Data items
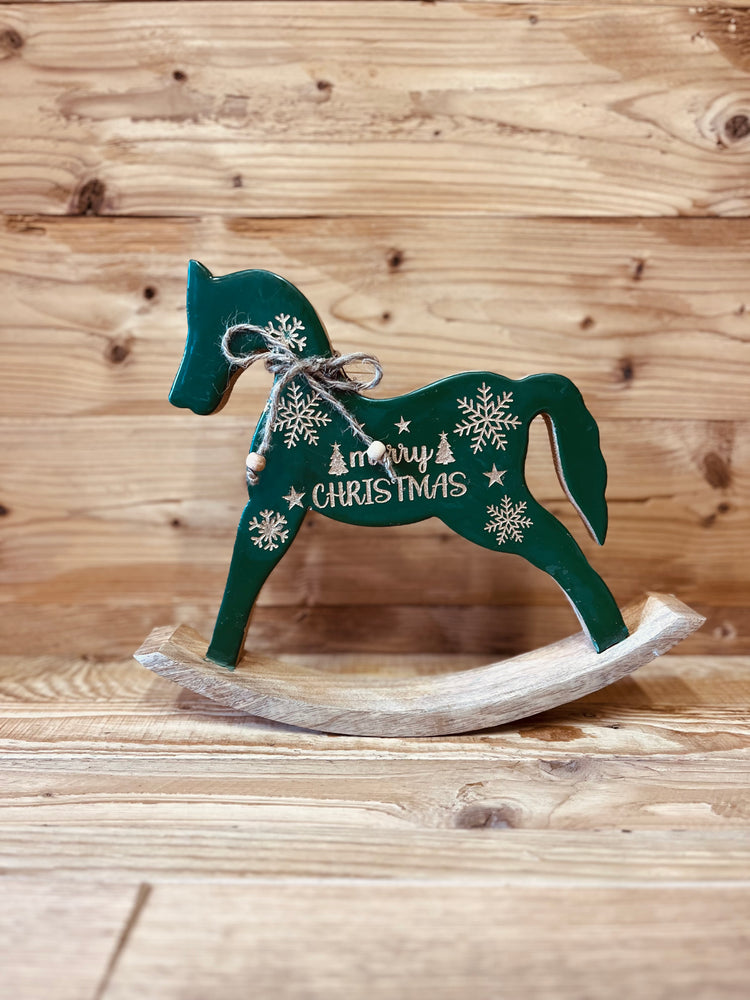 Cavallino a dondolo in legno, verniciato di verde opaco e con fiocchi di neve e scritte oro con i brillantini.
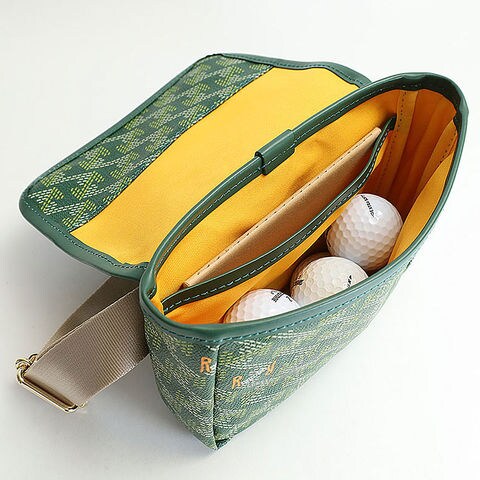 ボール3個にティー、グリーンフォーク、距離計にスマホまで、必要なグッズをコンパクトに収納可能。
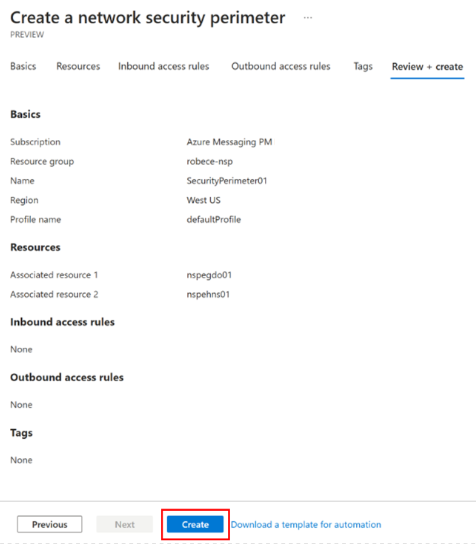 Nella pagina Rivedi e crea esaminare la configurazione e selezionare Crea per creare il perimetro di sicurezza.
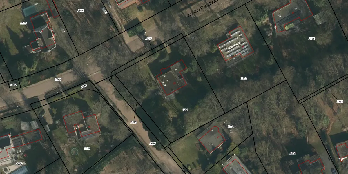 Koning Davidlaan 18 is gelegen op kadastraal perceel GBK00H1562. Deze kadastrale aanduiding is uniek en wordt gebruikt door het Kadaster om eigendomsrechten en andere zakelijke rechten vast te leggen. Het perceel maakt onderdeel uit van de kadastrale gemeente Groesbeek.
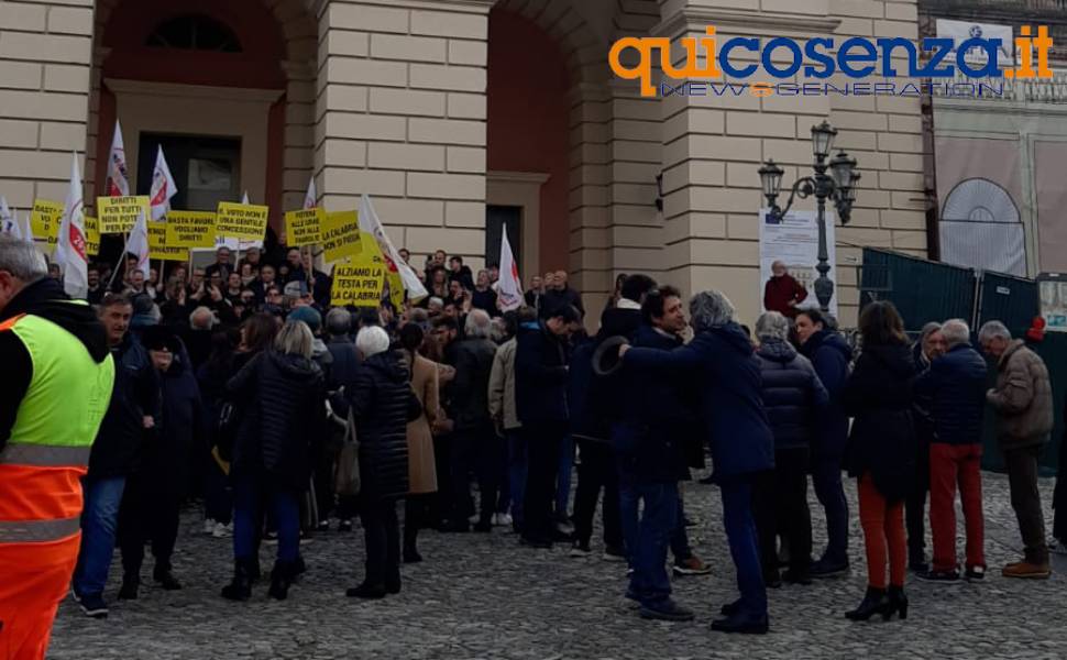 COSENZA – Ad alzare la testa in senso letterale – secondo l’invito del Movimento 5 Stelle – il cielo nel pomeriggio si è aperto, non ci sono nuvole, la pioggia (che non è arrivata) ha smentito le previsioni e la manifestazione di protesta organizzata a Cosenza si sarebbe potuta fare tranquillamente in pieno centro, su corso Mazzini. Ed invece militanti, forze politiche, comitati, simpatizzanti, associazioni, elettori e semplici curiosi hanno raggiunto il centro storico, nuova location dove alla vigilia era stato dirottato l’appuntamento per scongiurare il rischio temporale.
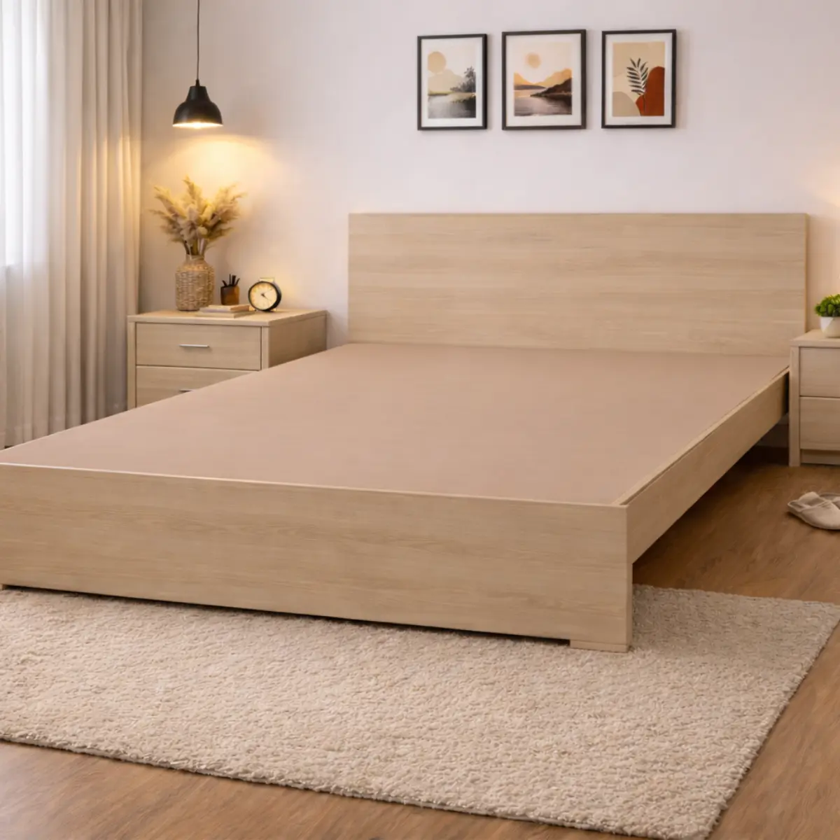 A sturdy bed with simple geometric shapes gives your room a sophisticated look…
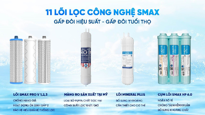 Vua lõi lọc – 11 lõi lọc công nghệ Smax thế hệ mới: Gấp đôi hiệu suất – Gấp đôi tuổi thọ

_TRY IT_.
In the data above, start at the line holding "Nella pagina Rivedi" and stop after the line holding "Koning Davidlaan 18"; write out those lines exactly, without pictures.

_TASK RESPONSE_.
 Nella pagina Rivedi e crea esaminare la configurazione e selezionare Crea per creare il perimetro di sicurezza.
 Koning Davidlaan 18 is gelegen op kadastraal perceel GBK00H1562. Deze kadastrale aanduiding is uniek en wordt gebruikt door het Kadaster om eigendomsrechten en andere zakelijke rechten vast te leggen. Het perceel maakt onderdeel uit van de kadastrale gemeente Groesbeek.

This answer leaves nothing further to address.